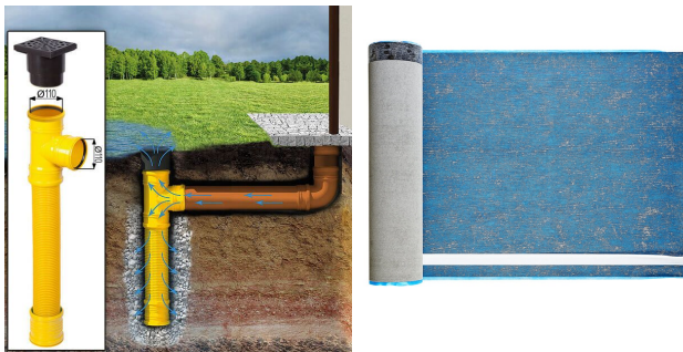
Sickerschacht mit Zufluss/Abfluss Ø 110 mm
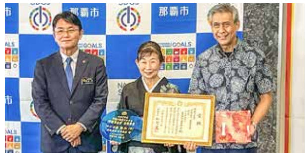
非食品の部最優秀賞～(有)首里琉染～

令和7年度の那覇市長賞の受賞者はすべて那覇商工会議所の会員事業所でした。当所としては、今後も会員事業者に寄り添った支援を継続し、地域ブランドの向上と販路拡大に取り組んでまいります。本賞の受賞によって、那覇発の商品がさらに広く認知され、地域経済の活性化につながることを期待致します。
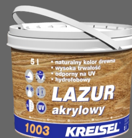
LAZUR AKRYLOWY 1003 do malowania
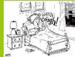
Ich habe Husten

WHAT THE TASK ASKS ::
Write out every entry exactly. Pictures do not belong in the copy.

THE COMPLETED TASK ::
Sickerschacht mit Zufluss/Abfluss Ø 110 mm
非食品の部最優秀賞～(有)首里琉染～

令和7年度の那覇市長賞の受賞者はすべて那覇商工会議所の会員事業所でした。当所としては、今後も会員事業者に寄り添った支援を継続し、地域ブランドの向上と販路拡大に取り組んでまいります。本賞の受賞によって、那覇発の商品がさらに広く認知され、地域経済の活性化につながることを期待致します。
LAZUR AKRYLOWY 1003 do malowania
Ich habe Husten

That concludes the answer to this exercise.